[ASSIGNMENT] Every word of the listing must be returned. Retype it exactly.

[DATA EXCERPT]
"""
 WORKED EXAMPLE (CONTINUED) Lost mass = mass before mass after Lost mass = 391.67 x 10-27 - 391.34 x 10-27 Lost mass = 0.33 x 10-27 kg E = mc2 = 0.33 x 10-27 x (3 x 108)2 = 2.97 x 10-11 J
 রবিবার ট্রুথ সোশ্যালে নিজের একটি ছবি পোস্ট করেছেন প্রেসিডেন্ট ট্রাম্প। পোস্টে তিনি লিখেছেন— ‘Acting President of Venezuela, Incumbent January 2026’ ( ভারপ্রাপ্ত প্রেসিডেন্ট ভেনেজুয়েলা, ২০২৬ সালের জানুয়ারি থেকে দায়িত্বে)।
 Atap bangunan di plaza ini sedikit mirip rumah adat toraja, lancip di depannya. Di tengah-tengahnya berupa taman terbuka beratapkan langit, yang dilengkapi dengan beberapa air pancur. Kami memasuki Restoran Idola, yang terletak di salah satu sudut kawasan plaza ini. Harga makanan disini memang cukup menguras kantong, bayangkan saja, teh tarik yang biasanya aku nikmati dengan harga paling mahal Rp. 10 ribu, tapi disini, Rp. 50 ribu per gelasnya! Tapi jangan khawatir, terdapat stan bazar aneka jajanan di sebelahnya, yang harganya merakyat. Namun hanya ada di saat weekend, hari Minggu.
"""
[YOUR RESPONSE]
 WORKED EXAMPLE (CONTINUED) Lost mass = mass before mass after Lost mass = 391.67 x 10-27 - 391.34 x 10-27 Lost mass = 0.33 x 10-27 kg E = mc2 = 0.33 x 10-27 x (3 x 108)2 = 2.97 x 10-11 J
 রবিবার ট্রুথ সোশ্যালে নিজের একটি ছবি পোস্ট করেছেন প্রেসিডেন্ট ট্রাম্প। পোস্টে তিনি লিখেছেন— ‘Acting President of Venezuela, Incumbent January 2026’ ( ভারপ্রাপ্ত প্রেসিডেন্ট ভেনেজুয়েলা, ২০২৬ সালের জানুয়ারি থেকে দায়িত্বে)।
 Atap bangunan di plaza ini sedikit mirip rumah adat toraja, lancip di depannya. Di tengah-tengahnya berupa taman terbuka beratapkan langit, yang dilengkapi dengan beberapa air pancur. Kami memasuki Restoran Idola, yang terletak di salah satu sudut kawasan plaza ini. Harga makanan disini memang cukup menguras kantong, bayangkan saja, teh tarik yang biasanya aku nikmati dengan harga paling mahal Rp. 10 ribu, tapi disini, Rp. 50 ribu per gelasnya! Tapi jangan khawatir, terdapat stan bazar aneka jajanan di sebelahnya, yang harganya merakyat. Namun hanya ada di saat weekend, hari Minggu.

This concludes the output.